_Exercise details_. From the records below, please print only the lines from the one containing "The Mayari from" through the one containing "A detailed coloring", both included. Skip the pictures.

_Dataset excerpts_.
————————

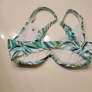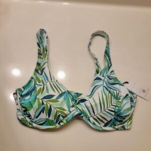 Nwt size 34 D medium vibrant bikini top with a tropical leaf print. Features shades of green and blue.
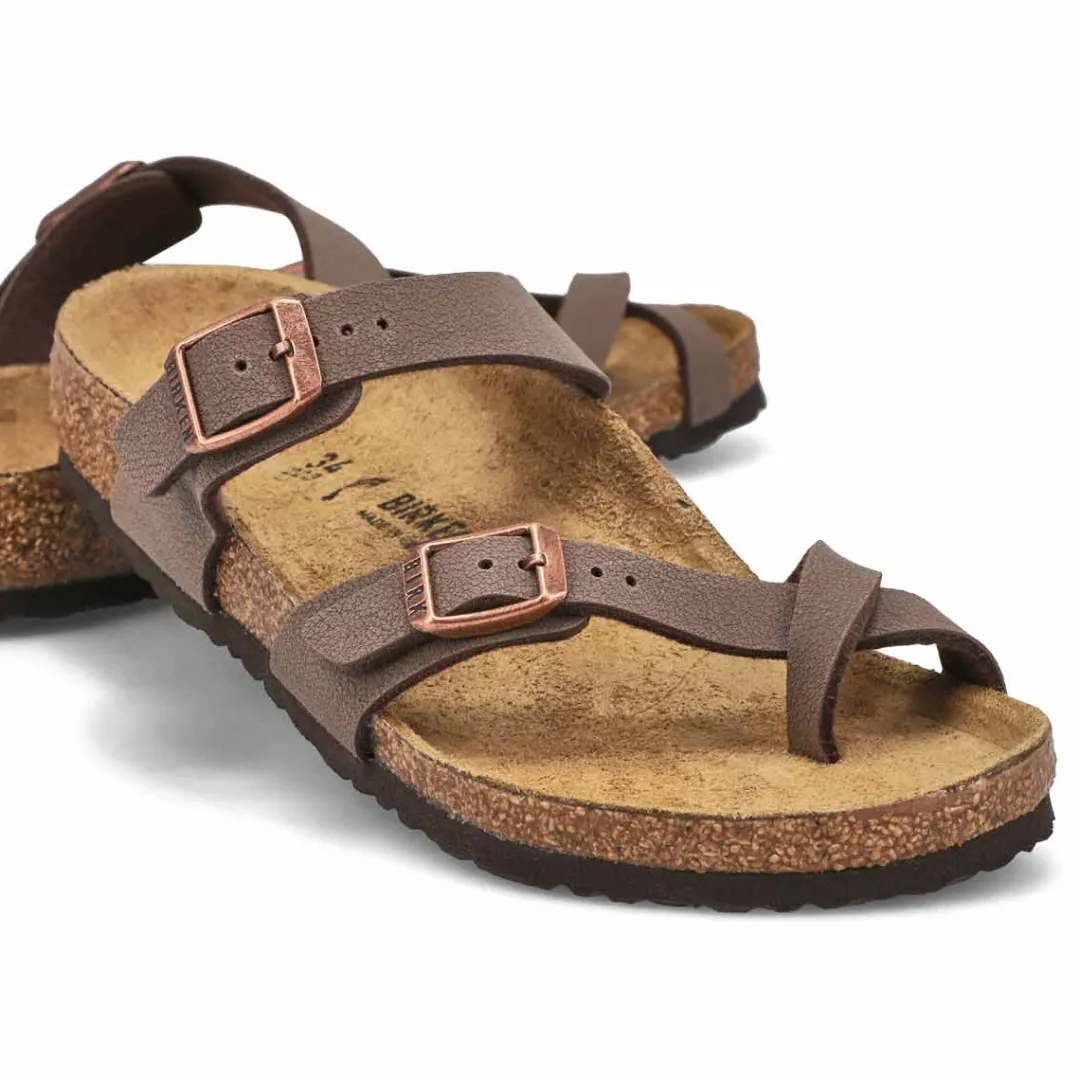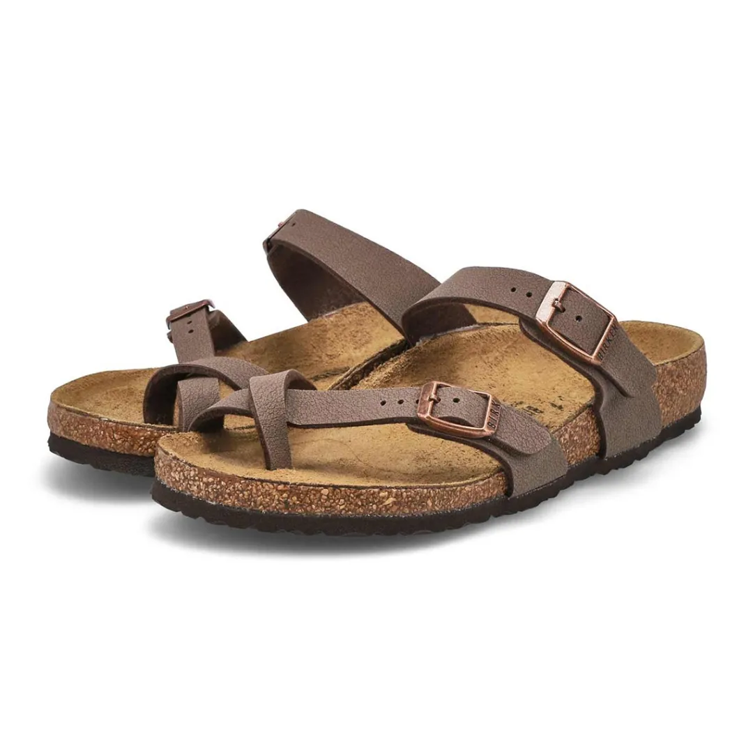 The Mayari from Birkenstock with a contoured cork footbed conforms to the shape of your foot and features pronounced arch support. Durable EVA outsole, cork footbed molds to each individual foot to provide a custom fit. This Birkenstock sandal is a genuine classic, emphasizing the handcrafted and natural look of stylish sandals. A comfort legend and a fashion staple.
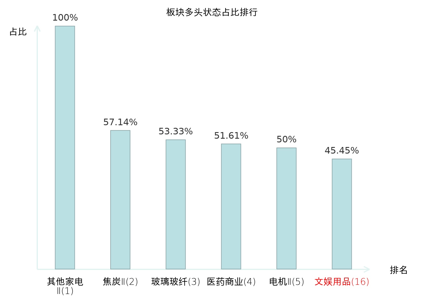 全市场所有行业板块中主力多头状态占比排名中,其他家电Ⅱ板块位居第一。白色家电板块名次提升最快,较昨日上升67位。
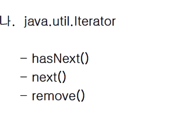 -Iterator함수 : hasNext(), next(), ,remove()
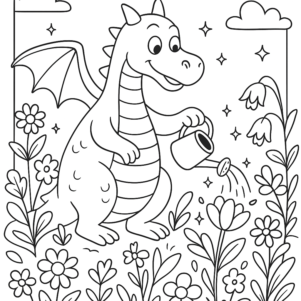 A detailed coloring page featuring a friendly dragon tending magical garden. Perfect for kids (6-9) with intricate detail for a fun coloring experience.
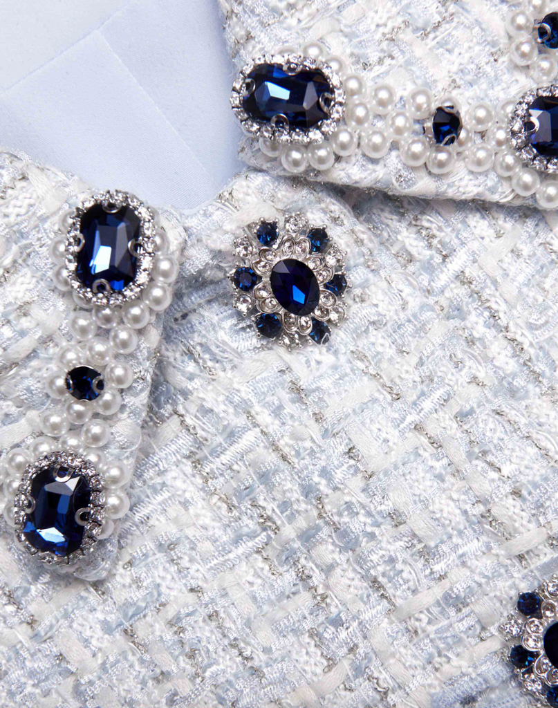 With a flattering revere collar, diamanté trims and sparkling buttons, this bouclé dress is the one-and-done answer to every occasion. Pair its mini length with ballet flats and ankle boots alike.
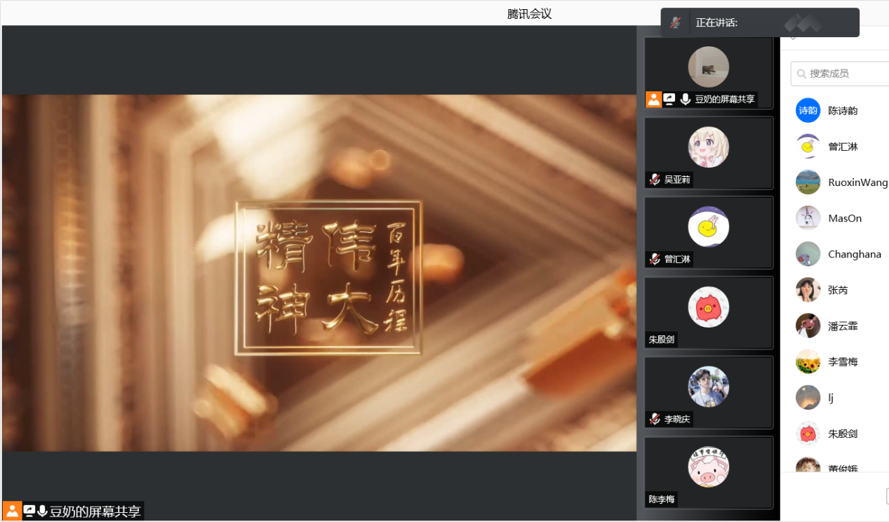 会议之初,曲芯雨同志带领大家学习了习近平总书记在庆祝中国共产党成立100周年大会上的重要讲话,重温了新中国成立至今的重大改变、光辉成就以及目标展望,学习了以史为鉴,开创未来的九个“必须”以及作为新时代的中国青年需要担当的使命与责任,并邀请党员同志分享学习心得;随后,全体同志通过观看云讲堂视频“百年历程中的伟大精神”,学习红船精神、长征精神、女排精神以及抗美援朝精神。同志们对坚定理想、百折不挠的奋斗精神,立党为公、忠诚为民的奉献精神,同人民群众生死相依、患难与共、艰苦奋斗的精神,顽强战斗、勇敢拼搏的精神都有了深刻的理解。进一步地支部书记曲芯雨同志鼓励支部党员、积极分子不仅要被动地了解党日活动上学习的党史,也要通过各种途径主动地学习,加强自身的理论建设,增加知识储备,同时她还提醒大家疫情尚未结束,党员同志依然要做好防护工作,发挥党员模范作用。
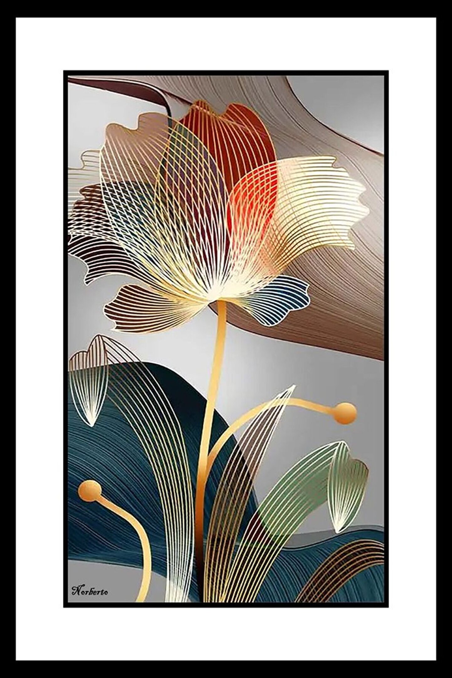 AKTÜEL POSTER Çizgili Çiçek Digital Art ( ÇERÇEVESİZ - ÇERÇEVE YOKTUR ) ( ULTRA HD ) FOLYO AFİŞ - POSTER
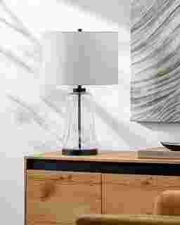 Relax into the flow with the Chaly lamp's gorgeous glass curves lending a little structure and lightening your space. Transparent glass in alternating convex and concave shapes creates a rectangular body on a black iron base, holding a crisp white cotton lampshade. Requires a maximum 60-Watt bulb (not included).

————————

_Solution_.
 The Mayari from Birkenstock with a contoured cork footbed conforms to the shape of your foot and features pronounced arch support. Durable EVA outsole, cork footbed molds to each individual foot to provide a custom fit. This Birkenstock sandal is a genuine classic, emphasizing the handcrafted and natural look of stylish sandals. A comfort legend and a fashion staple.
 全市场所有行业板块中主力多头状态占比排名中,其他家电Ⅱ板块位居第一。白色家电板块名次提升最快,较昨日上升67位。
 -Iterator함수 : hasNext(), next(), ,remove()
 A detailed coloring page featuring a friendly dragon tending magical garden. Perfect for kids (6-9) with intricate detail for a fun coloring experience.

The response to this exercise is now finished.